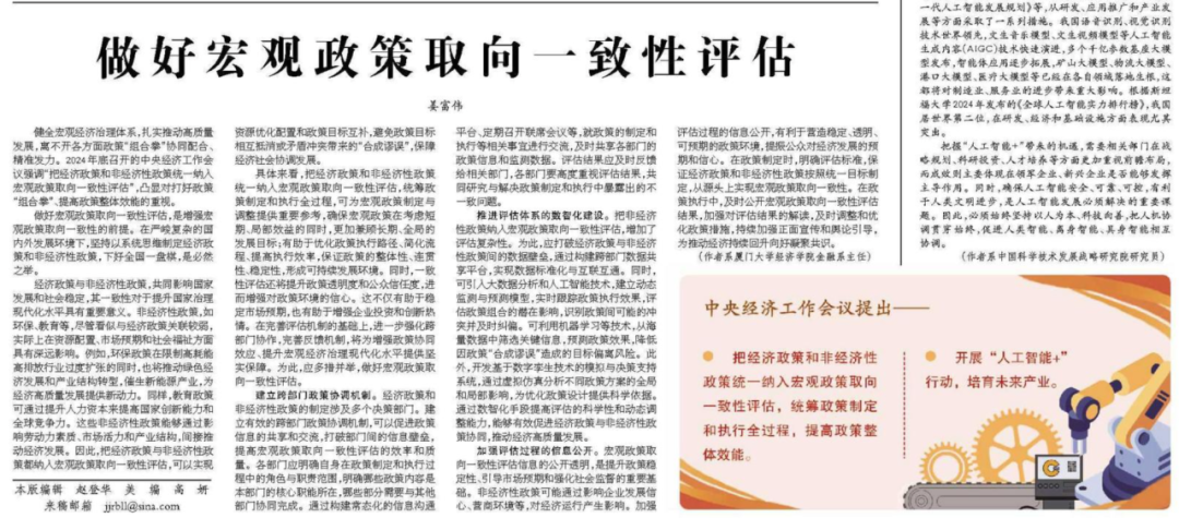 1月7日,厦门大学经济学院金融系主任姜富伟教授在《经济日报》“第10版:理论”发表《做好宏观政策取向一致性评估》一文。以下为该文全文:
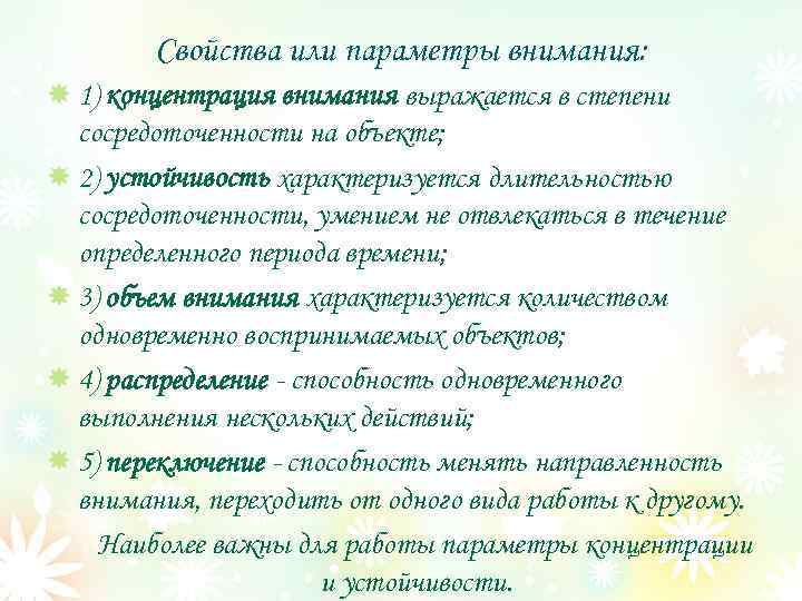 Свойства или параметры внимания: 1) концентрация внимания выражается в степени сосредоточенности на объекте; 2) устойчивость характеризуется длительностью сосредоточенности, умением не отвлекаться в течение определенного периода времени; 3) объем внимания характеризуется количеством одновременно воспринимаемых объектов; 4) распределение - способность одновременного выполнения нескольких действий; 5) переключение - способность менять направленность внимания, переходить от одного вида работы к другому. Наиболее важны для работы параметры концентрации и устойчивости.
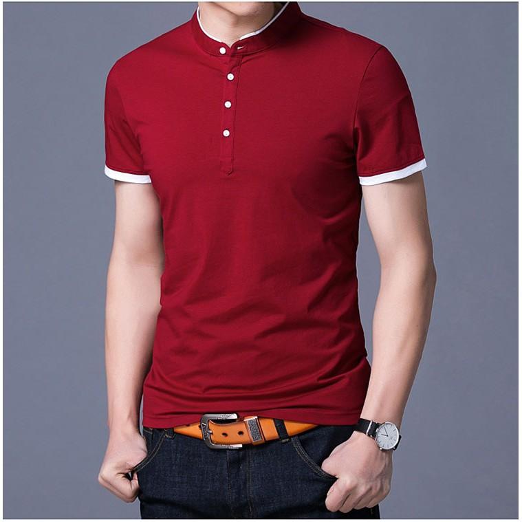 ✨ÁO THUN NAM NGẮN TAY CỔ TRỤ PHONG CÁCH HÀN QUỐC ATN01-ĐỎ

-- -- --

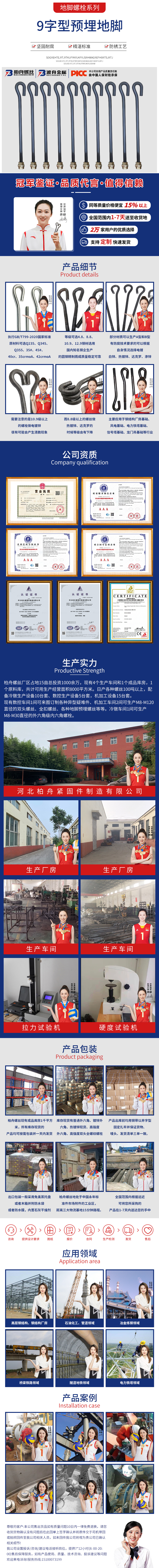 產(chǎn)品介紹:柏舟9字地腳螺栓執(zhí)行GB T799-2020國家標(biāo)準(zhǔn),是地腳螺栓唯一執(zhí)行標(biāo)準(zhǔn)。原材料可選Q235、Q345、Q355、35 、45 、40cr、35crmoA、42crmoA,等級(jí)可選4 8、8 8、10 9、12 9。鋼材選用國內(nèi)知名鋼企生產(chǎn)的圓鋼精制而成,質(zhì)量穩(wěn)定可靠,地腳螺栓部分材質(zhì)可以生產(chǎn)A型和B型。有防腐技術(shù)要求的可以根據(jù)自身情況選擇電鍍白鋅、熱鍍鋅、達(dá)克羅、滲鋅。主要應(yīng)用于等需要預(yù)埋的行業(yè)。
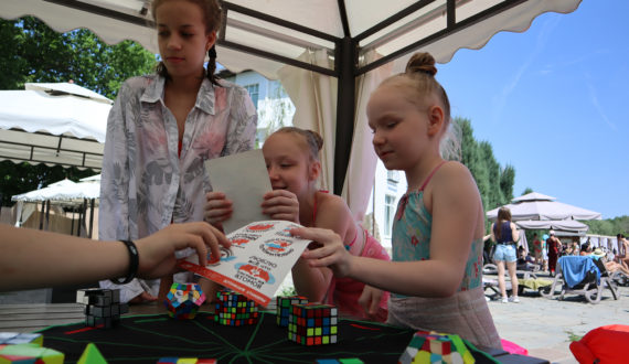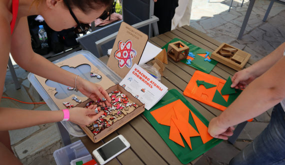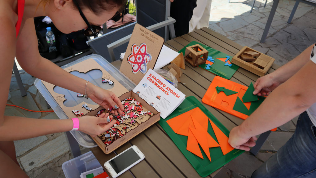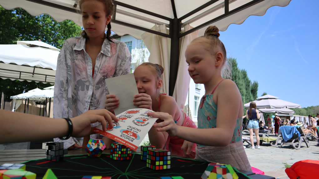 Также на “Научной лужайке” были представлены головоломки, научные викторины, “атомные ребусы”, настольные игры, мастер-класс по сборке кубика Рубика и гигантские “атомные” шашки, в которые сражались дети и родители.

-- -- --

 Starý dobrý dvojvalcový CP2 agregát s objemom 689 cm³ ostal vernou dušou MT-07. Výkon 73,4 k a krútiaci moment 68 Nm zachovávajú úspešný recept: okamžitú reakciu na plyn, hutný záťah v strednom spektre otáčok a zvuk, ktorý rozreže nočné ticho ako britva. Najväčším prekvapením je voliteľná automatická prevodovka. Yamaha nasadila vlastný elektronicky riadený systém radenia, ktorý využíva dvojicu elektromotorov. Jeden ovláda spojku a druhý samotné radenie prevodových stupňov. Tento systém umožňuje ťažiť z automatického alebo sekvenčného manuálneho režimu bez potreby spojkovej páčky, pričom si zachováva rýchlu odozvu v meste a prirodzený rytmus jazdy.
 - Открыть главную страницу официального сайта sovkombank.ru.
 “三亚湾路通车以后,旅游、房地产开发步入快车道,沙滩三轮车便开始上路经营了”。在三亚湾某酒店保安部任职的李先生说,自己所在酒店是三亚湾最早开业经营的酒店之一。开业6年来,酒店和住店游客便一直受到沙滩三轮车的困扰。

-- -- --

* _Activity_: In the listing above, find the line containing "1月7日,厦门大学经济学院金" and the line containing "HÀN QUỐC ATN01-ĐỎ", then print exactly those two lines and every line between them, minus the pictures.

* _Task answer_:
 1月7日,厦门大学经济学院金融系主任姜富伟教授在《经济日报》“第10版:理论”发表《做好宏观政策取向一致性评估》一文。以下为该文全文:
 Свойства или параметры внимания: 1) концентрация внимания выражается в степени сосредоточенности на объекте; 2) устойчивость характеризуется длительностью сосредоточенности, умением не отвлекаться в течение определенного периода времени; 3) объем внимания характеризуется количеством одновременно воспринимаемых объектов; 4) распределение - способность одновременного выполнения нескольких действий; 5) переключение - способность менять направленность внимания, переходить от одного вида работы к другому. Наиболее важны для работы параметры концентрации и устойчивости.
 ✨ÁO THUN NAM NGẮN TAY CỔ TRỤ PHONG CÁCH HÀN QUỐC ATN01-ĐỎ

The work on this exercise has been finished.